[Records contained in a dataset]
+++++

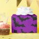 Black bats flying on a purple Halloween night sky is a spooky creepy gift wrap idea this holiday season.
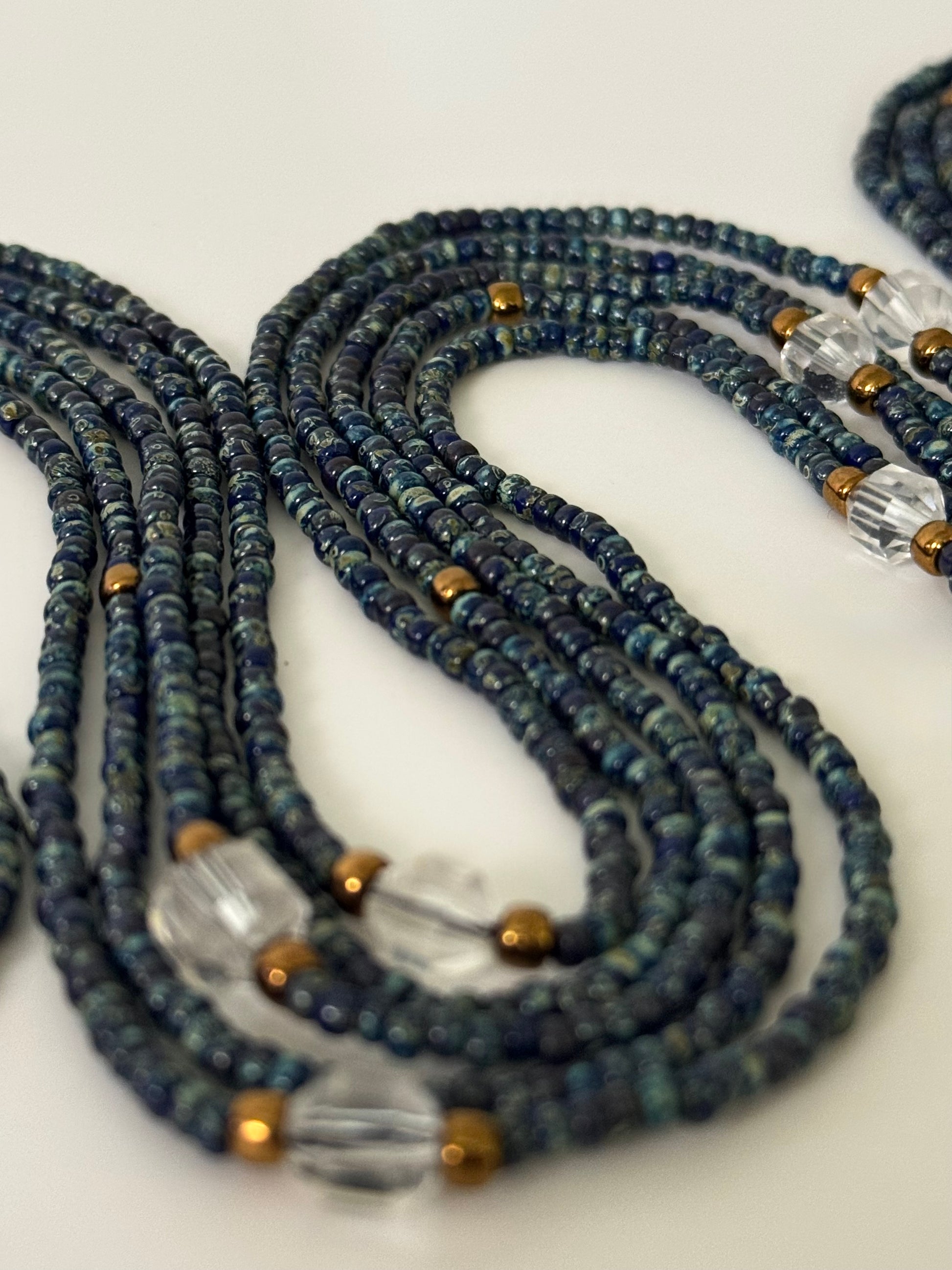 Inspired by the timeless power of jeans and a white tee, Divine Denim is for the woman who’s walked through the fire and came out glistening in gold. Featuring denim, blue beads accented with golden touches and infused with clear quartz, the master healer, this strand is a whole mood: calm, centered, and untouchably radiant.
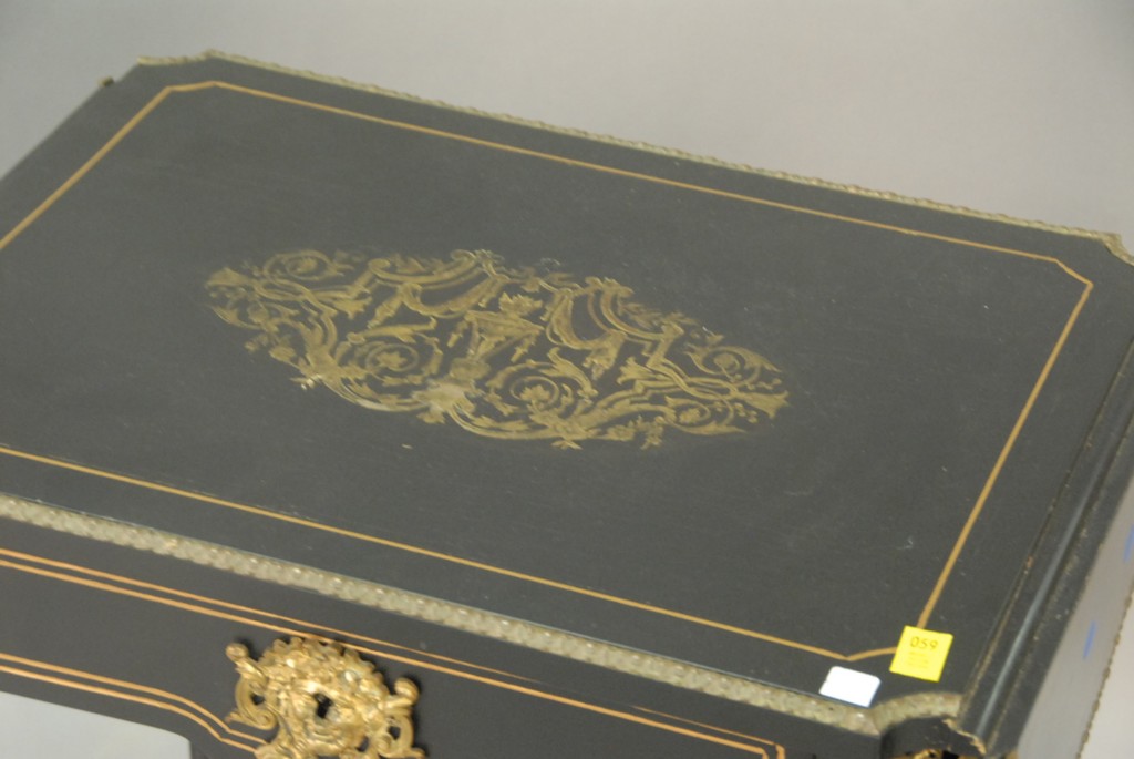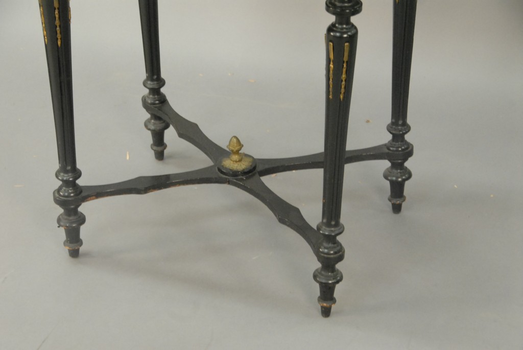 French table with drop leaves and drawer with brass inlay, ht. 28, wd. 35.
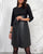 Veckad enfärgad klänning med hög krage
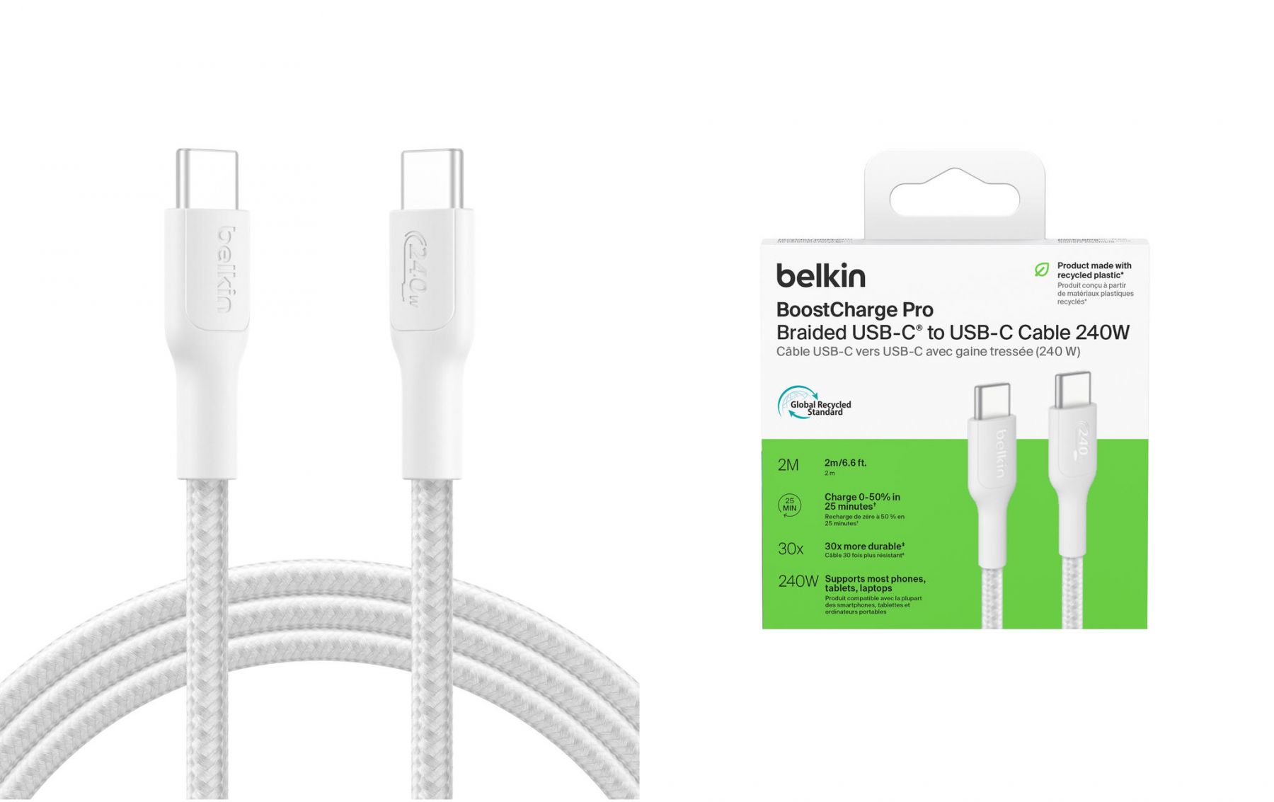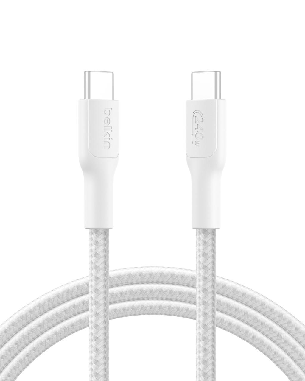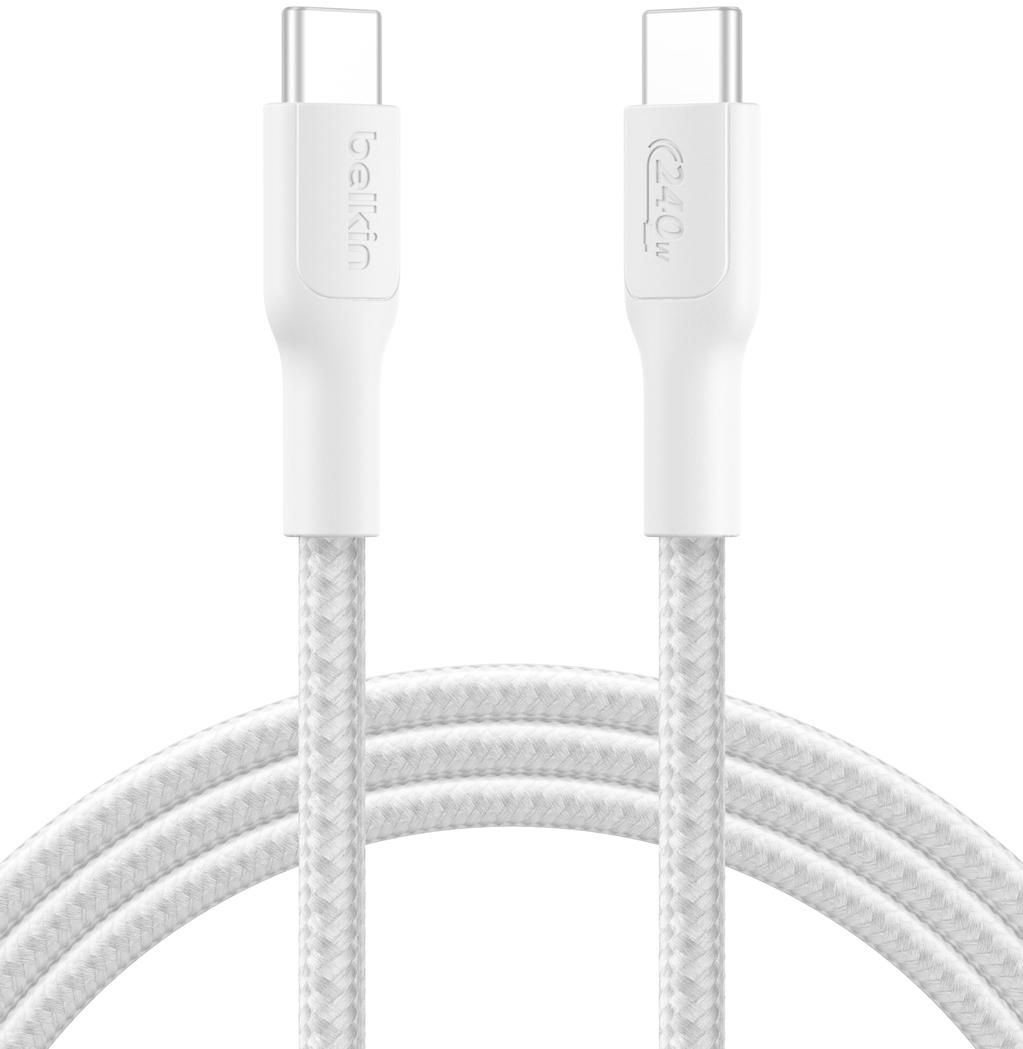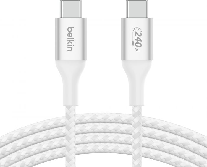 Кабель USB-C > USB-C заряджання/синхронізації Belkin 2м, 240Вт, Type-C, плетений, білий
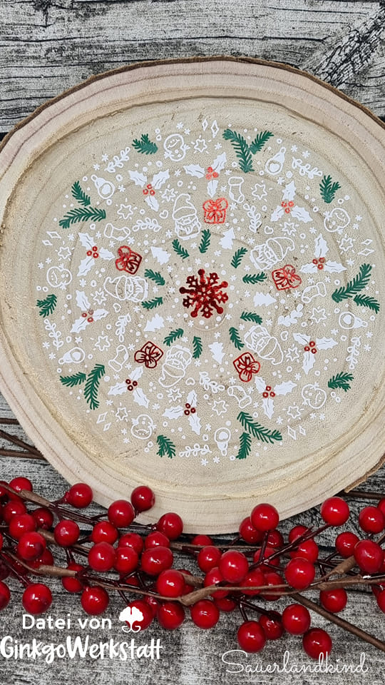 Mit der Mandala „Doodle Weihnachten“ – Plotterdatei bekommst du eine filigrane und detailreiche Datei, die sich auf vielfältige Weise umsetzen lässt. Egal ob sublimiert, farbig geplottet oder einfarbig aufgebracht, um es dann auszumalen.
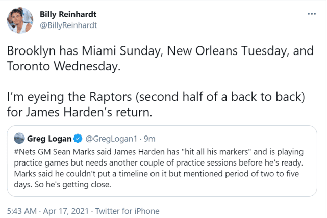 跟队记者Billy Reinhardt指出,篮网在打完黄蜂后,将连续面对热火、鹈鹕和猛龙,其中鹈鹕和猛龙是背靠背的比赛。他预计哈登将在对猛龙的比赛中回归,也就是背靠背的第二场。篮网主帅纳什在采访中表示,哈登会在泰勒-约翰逊之前回归,而约翰逊预计不需要再等2-3周,会在这个时间之前回来。
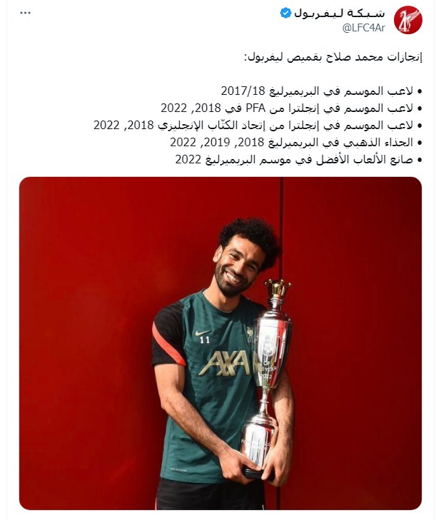 في الوقت الذي احتفلت شبكة ليفربول الرسمية بميلاد محمد صلاح بسر إنجازاته مع ليفربول فقالت: "إنجازات محمد صلاح بقميص ليفربول: •لاعب الموسم في البريميرليج 2017/18.. • لاعب الموسم في إنجلترا من PFA في 2018, 2022.. • لاعب الموسم في إنجلترا من إتحاد الكتّاب الإنجليزي 2018, 2022.. • الحذاء الذهبي في البريميرليغ 2018, 2019, 2022.. • صانع الألعاب الأفضل في موسم البريميرليغ 2022"
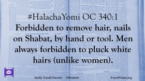 #HalachaYomi OC 340:1 Forbidden to remove hair, nails on Shabat, by hand or tool. Men always forbidden to pluck white hairs (unlike women).
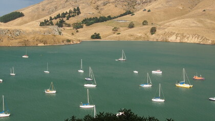 Boats moored in Purau Bay, Banks Peninsula.
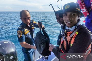 Tim SAR gabungan menunjukkan tas milik salah satu korban helikopter milik Polri NBO-105 yang jatuh di perairan Manggar, Belitung Timur, Kepulauan Bangka Belitung, Senin (28/11/2022). Tim SAR gabungan berhasil menemukan serpihan helikopter NBO-105 Polri dan mengevakuasi satu jenazah korban yang merupakan mekanik helikopter tersebut. ANTARA FOTO/Dok Kantor SAR Pangkal Pinang/Handout/rwa.
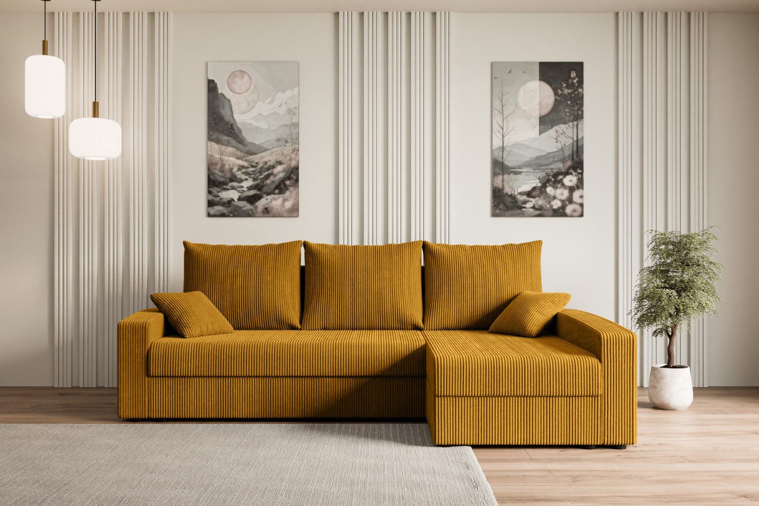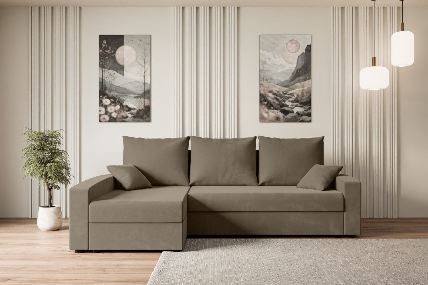 Das moderne Polstersofa mit Schlaffunktion ist ein universelles Möbelstück. Das links oder rechts angeordnete Schlafsofa in L-Form bietet einen hohen Sitz-, Liege- und Schlafkomfort in jeder Situation.
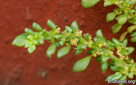 Male and female flowers, and the fruit are about or less than 1 mm.
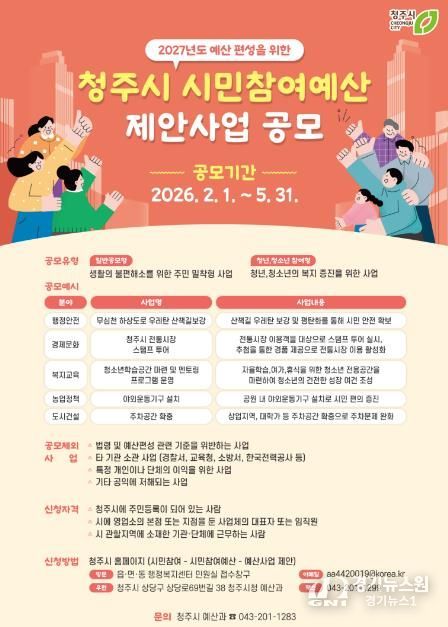 [경기뉴스원/경기뉴스1] | 청주시는 2027년 예산편성을 위한 시민참여예산 제안사업 공모를 오는 5월 31일까지 접수한다고 4일 밝혔다.

+++++

Work instructions →
Using the records above, return word for word the lines that begin at the one containing "跟队记者Billy Rein" and end at the one containing "Das moderne Polstersofa", both of them included and no pictures.

Solution →
 跟队记者Billy Reinhardt指出,篮网在打完黄蜂后,将连续面对热火、鹈鹕和猛龙,其中鹈鹕和猛龙是背靠背的比赛。他预计哈登将在对猛龙的比赛中回归,也就是背靠背的第二场。篮网主帅纳什在采访中表示,哈登会在泰勒-约翰逊之前回归,而约翰逊预计不需要再等2-3周,会在这个时间之前回来。
 في الوقت الذي احتفلت شبكة ليفربول الرسمية بميلاد محمد صلاح بسر إنجازاته مع ليفربول فقالت: "إنجازات محمد صلاح بقميص ليفربول: •لاعب الموسم في البريميرليج 2017/18.. • لاعب الموسم في إنجلترا من PFA في 2018, 2022.. • لاعب الموسم في إنجلترا من إتحاد الكتّاب الإنجليزي 2018, 2022.. • الحذاء الذهبي في البريميرليغ 2018, 2019, 2022.. • صانع الألعاب الأفضل في موسم البريميرليغ 2022"
 #HalachaYomi OC 340:1 Forbidden to remove hair, nails on Shabat, by hand or tool. Men always forbidden to pluck white hairs (unlike women).
 Boats moored in Purau Bay, Banks Peninsula.
 Tim SAR gabungan menunjukkan tas milik salah satu korban helikopter milik Polri NBO-105 yang jatuh di perairan Manggar, Belitung Timur, Kepulauan Bangka Belitung, Senin (28/11/2022). Tim SAR gabungan berhasil menemukan serpihan helikopter NBO-105 Polri dan mengevakuasi satu jenazah korban yang merupakan mekanik helikopter tersebut. ANTARA FOTO/Dok Kantor SAR Pangkal Pinang/Handout/rwa.
 Das moderne Polstersofa mit Schlaffunktion ist ein universelles Möbelstück. Das links oder rechts angeordnete Schlafsofa in L-Form bietet einen hohen Sitz-, Liege- und Schlafkomfort in jeder Situation.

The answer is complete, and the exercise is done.